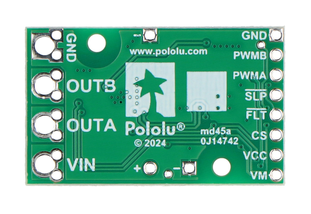 Řídicí jednotka je vybavena sadou pinů, které usnadňují integraci s řídicím systémem a motorem. Na straně napájení jsou piny VIN (vstupní napětí motoru), OUTA a OUTB (výstupní napětí motoru) a GND . Další piny VM, + a − se používají k připojení filtračního kondenzátoru. Na logické straně jsou k dispozici následující piny: PWMA a PWMB (PWM vstupy), SLP (spánek), FLT (signalizace chyb), CS (výstup proudového senzoru), GND a VCC (napájení logiky).
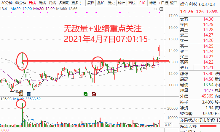 技术上大家都是一条线,很明显业绩上提前启动的相对优秀很多,盛洋科技、华测导航就比前面的第一次底部行动业绩优秀,所以现在提前站上无敌量,进入多头趋势,可重点关注,如图:
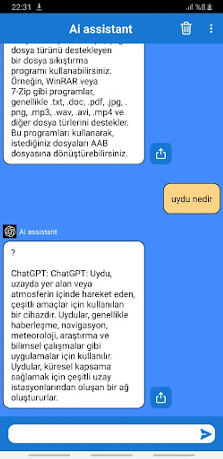 Unlimited use of smart application in your pocket, ask what you want, examine the answer, then ask the details again, learn everything, then apply it, success is yours. Advanced technology with artificial intelligence understands your questions and produces human-like answers, making you feel like you are chatting with a knowledgeable friend. provides. He may even recommend a book to read or a movie to watch! Just ASK US .
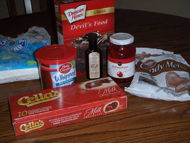Super dulce tratamiento para día de San Valentín!cerezas al marrasquino de 12 oz.3 y 3/4 tazas en polvo de azúcarHojuelas de coco 14 oz ralladoleche condensada de 14 oz endulzadochocolate dulce de la semi de 12 oz1 cdita de vainillapapel de ceratoall
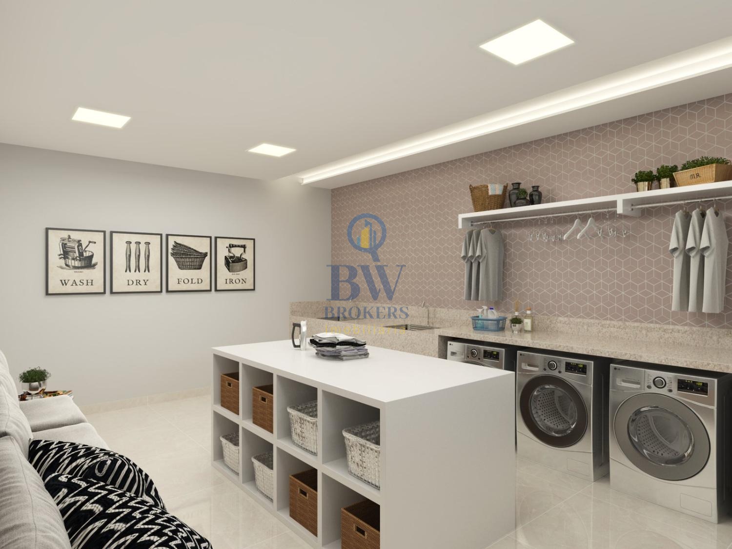 • Cozinha planejada integrada à lavanderia
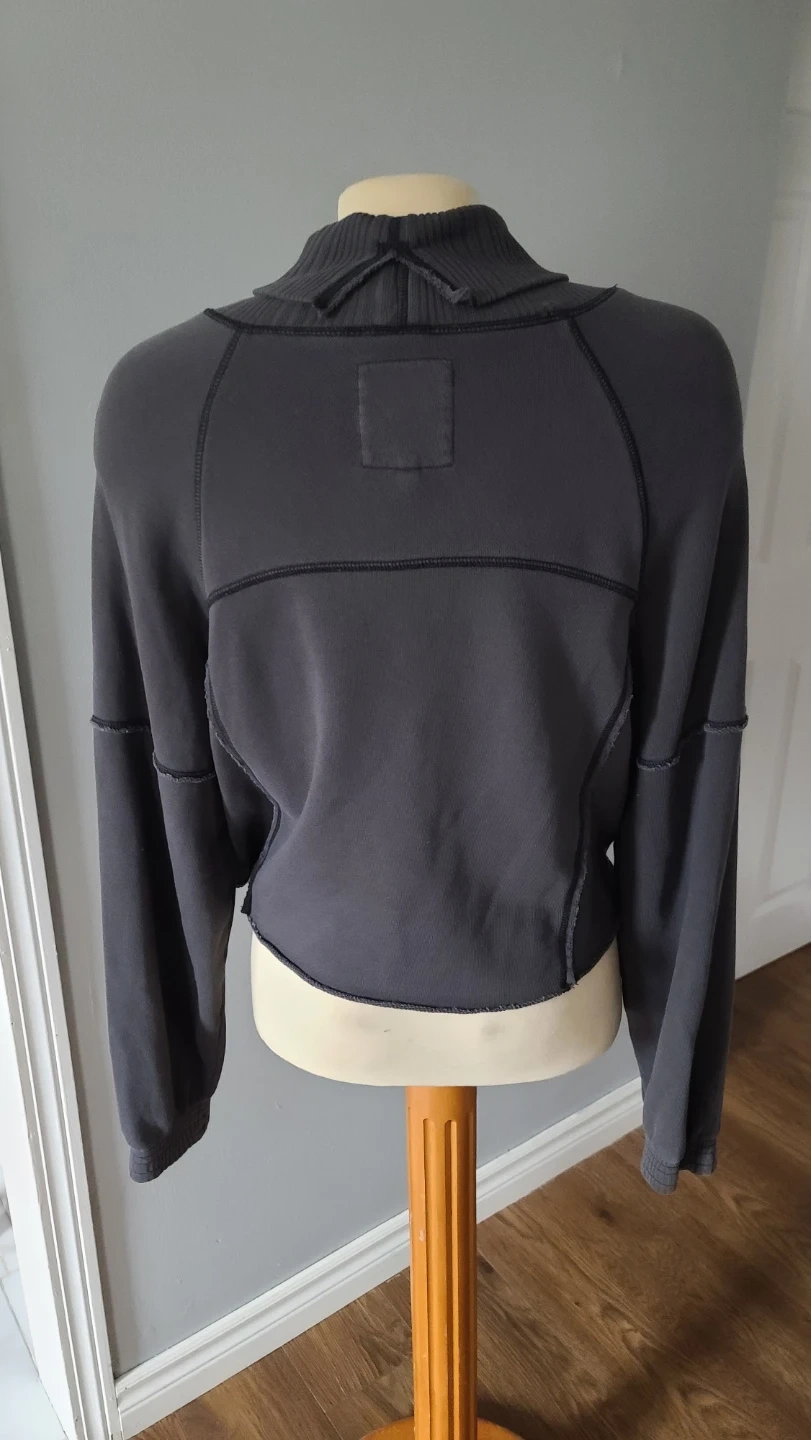 Selling this Aerie Buttercream cropped turtleneck sweater in black. It has an incredibly soft fleece lining and a relaxed, boxy fit with dropped shoulders. It is a very cozy staple that pairs perfectly with high-waisted leggings or jeans.
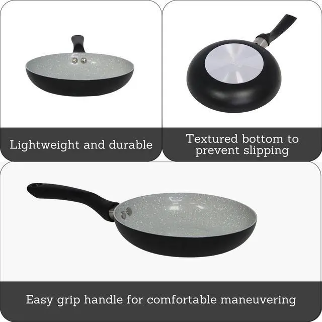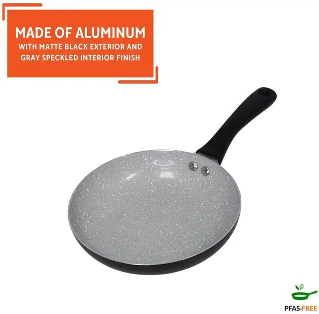 PHYSICAL QUALITIES: Crafted from lightweight aluminum, this pan features a striking gray speckled ceramic coating with a sleek matte black exterior, giving it a modern aesthetic that enhances any kitchen decor
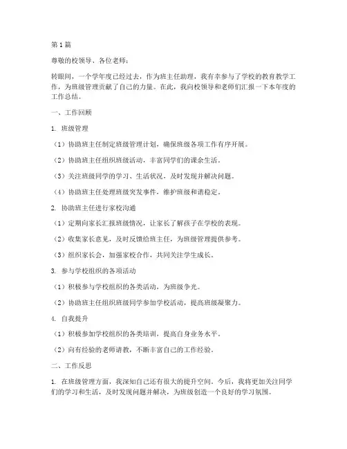 第1篇尊敬的校领导、各位老师:转眼间,一个学年度已经过去,作为班主任助理,我有幸参与了学校的教育教学工作,为班级管理贡献了自己的力量。
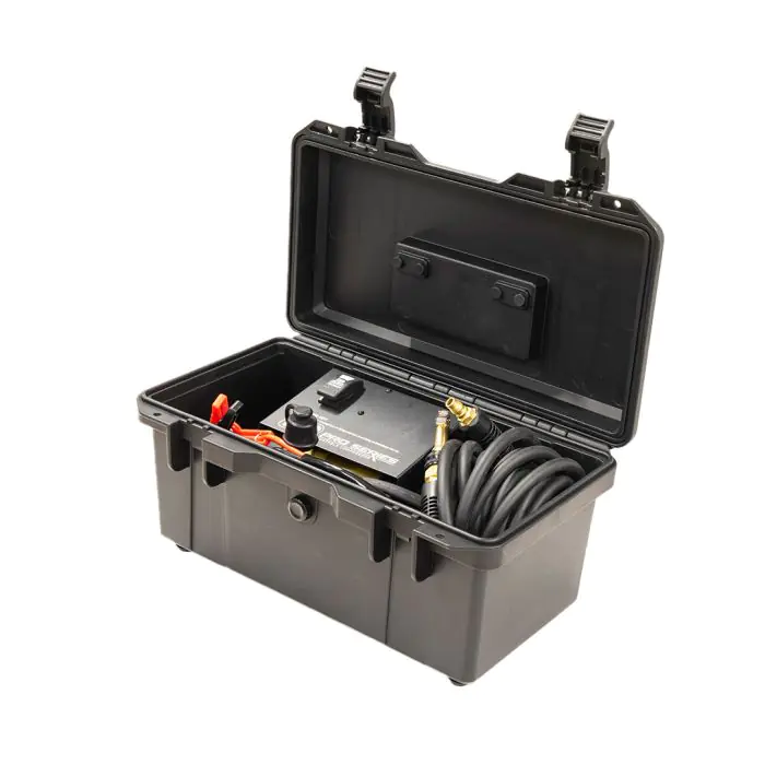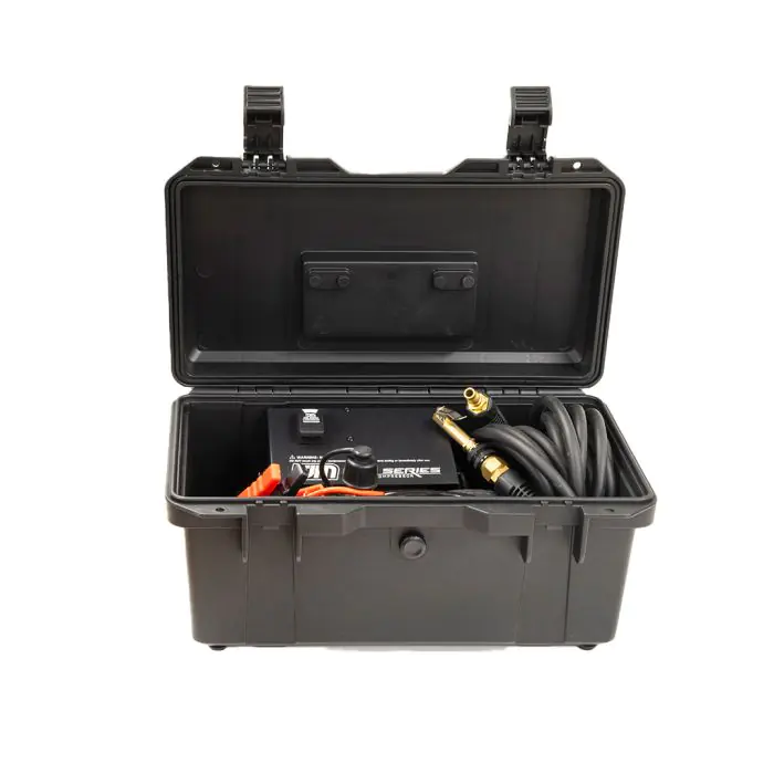 Introducing the TJM Pro Series Portable Compressor: your on-the-go air compression companion. Encased in a robust storage case, it provides power, reliability, and convenience wherever you go. With an 86LPM air flow rate and an integrated tank for efficiency, the convection cooling system (patent no. 2019202008) ensures optimal performance under demanding conditions. The compressor offers peace of mind with a 100% duty cycle, thermal cut-out, and a 2-stage air filter for clean air input, supported by a 3-year warranty. Complete with essential accessories, including a 6.0m air hose, 2.0m power cable, and 0.4m battery clamp with 50A Anderson plugs, the Portable TJM Pro Series Compressor is your solution for air compression on the move, whether for off-road adventures or everyday tasks.
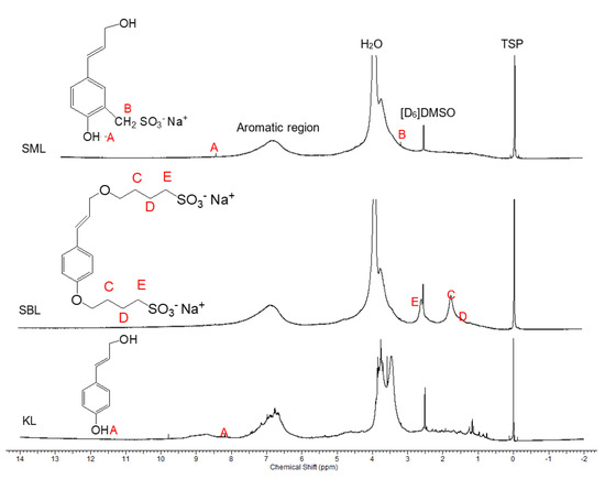 1H–NMR Spectra of kraft lignin (KL), sulfomethylated lignin (SML), and sulfobutylated lignin (SBL) in [D6]DMSO.
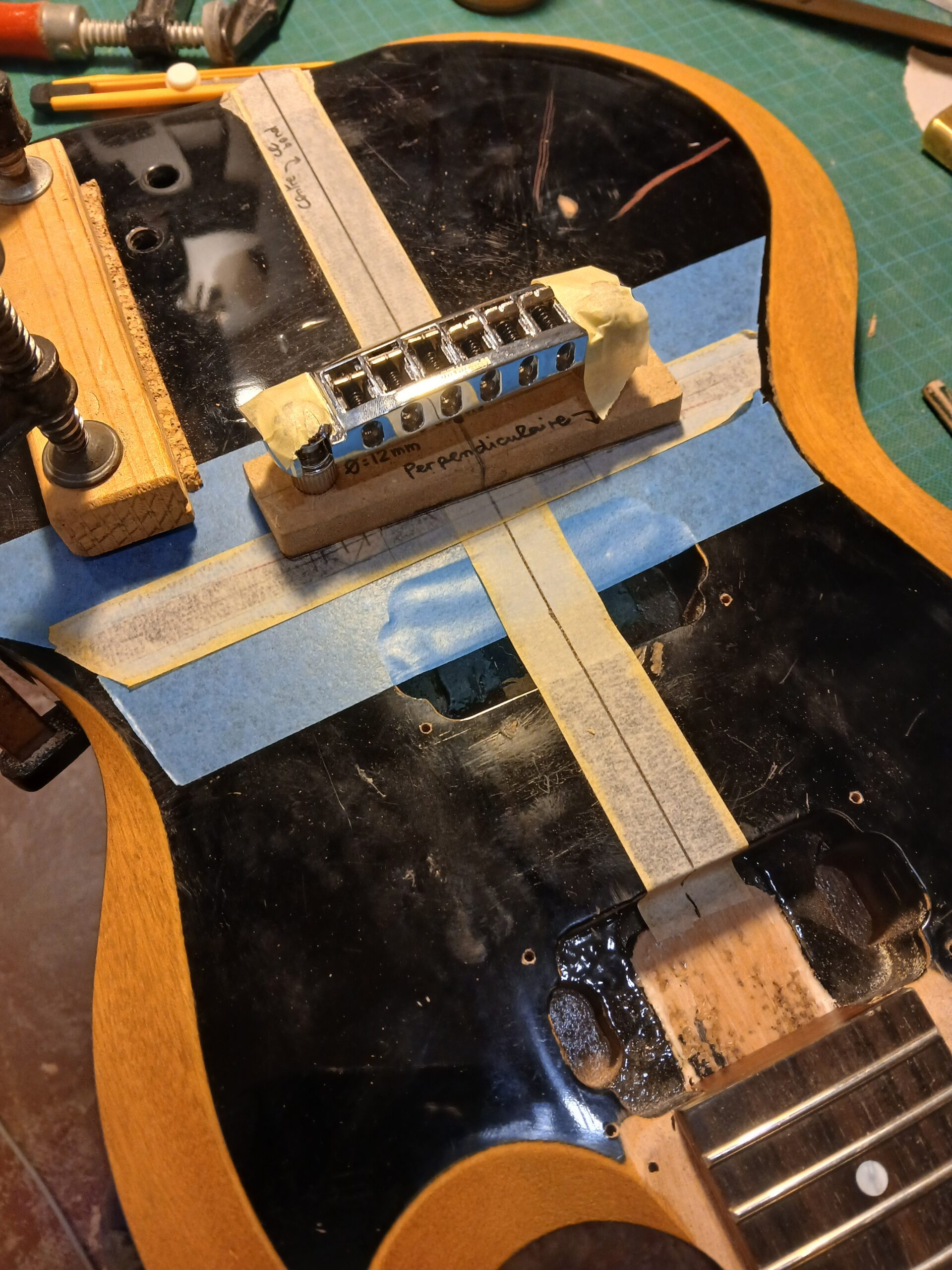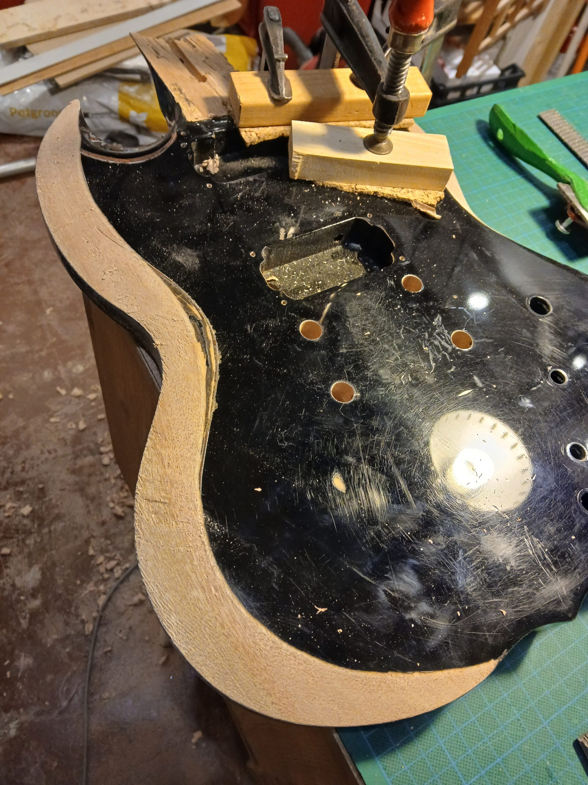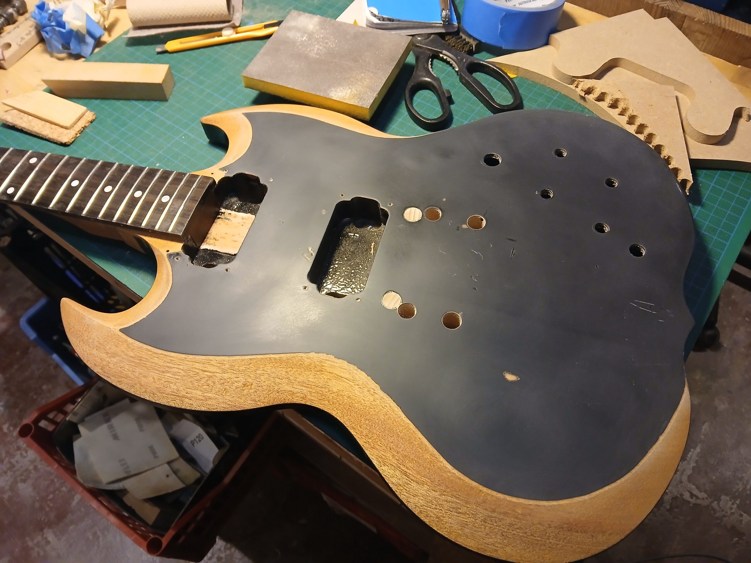 J’en ai profité pour faire des gabarits du corps et du wraparound. C’était une copie de SG, que je transforme en copie de SG junior, et comme elle aura un côté bourlingue, elle s’appelle SG sénior. Avec un micro humbucker capoté, un volume et une tonalité.

What this task involves ▸
Text only, no pictures: copy every entry exactly.

Written solution ▸
 Řídicí jednotka je vybavena sadou pinů, které usnadňují integraci s řídicím systémem a motorem. Na straně napájení jsou piny VIN (vstupní napětí motoru), OUTA a OUTB (výstupní napětí motoru) a GND . Další piny VM, + a − se používají k připojení filtračního kondenzátoru. Na logické straně jsou k dispozici následující piny: PWMA a PWMB (PWM vstupy), SLP (spánek), FLT (signalizace chyb), CS (výstup proudového senzoru), GND a VCC (napájení logiky).
 技术上大家都是一条线,很明显业绩上提前启动的相对优秀很多,盛洋科技、华测导航就比前面的第一次底部行动业绩优秀,所以现在提前站上无敌量,进入多头趋势,可重点关注,如图:
 Unlimited use of smart application in your pocket, ask what you want, examine the answer, then ask the details again, learn everything, then apply it, success is yours. Advanced technology with artificial intelligence understands your questions and produces human-like answers, making you feel like you are chatting with a knowledgeable friend. provides. He may even recommend a book to read or a movie to watch! Just ASK US .
Super dulce tratamiento para día de San Valentín!cerezas al marrasquino de 12 oz.3 y 3/4 tazas en polvo de azúcarHojuelas de coco 14 oz ralladoleche condensada de 14 oz endulzadochocolate dulce de la semi de 12 oz1 cdita de vainillapapel de ceratoall
 • Cozinha planejada integrada à lavanderia
 Selling this Aerie Buttercream cropped turtleneck sweater in black. It has an incredibly soft fleece lining and a relaxed, boxy fit with dropped shoulders. It is a very cozy staple that pairs perfectly with high-waisted leggings or jeans.
 PHYSICAL QUALITIES: Crafted from lightweight aluminum, this pan features a striking gray speckled ceramic coating with a sleek matte black exterior, giving it a modern aesthetic that enhances any kitchen decor
 第1篇尊敬的校领导、各位老师:转眼间,一个学年度已经过去,作为班主任助理,我有幸参与了学校的教育教学工作,为班级管理贡献了自己的力量。
 Introducing the TJM Pro Series Portable Compressor: your on-the-go air compression companion. Encased in a robust storage case, it provides power, reliability, and convenience wherever you go. With an 86LPM air flow rate and an integrated tank for efficiency, the convection cooling system (patent no. 2019202008) ensures optimal performance under demanding conditions. The compressor offers peace of mind with a 100% duty cycle, thermal cut-out, and a 2-stage air filter for clean air input, supported by a 3-year warranty. Complete with essential accessories, including a 6.0m air hose, 2.0m power cable, and 0.4m battery clamp with 50A Anderson plugs, the Portable TJM Pro Series Compressor is your solution for air compression on the move, whether for off-road adventures or everyday tasks.
 1H–NMR Spectra of kraft lignin (KL), sulfomethylated lignin (SML), and sulfobutylated lignin (SBL) in [D6]DMSO.
 J’en ai profité pour faire des gabarits du corps et du wraparound. C’était une copie de SG, que je transforme en copie de SG junior, et comme elle aura un côté bourlingue, elle s’appelle SG sénior. Avec un micro humbucker capoté, un volume et une tonalité.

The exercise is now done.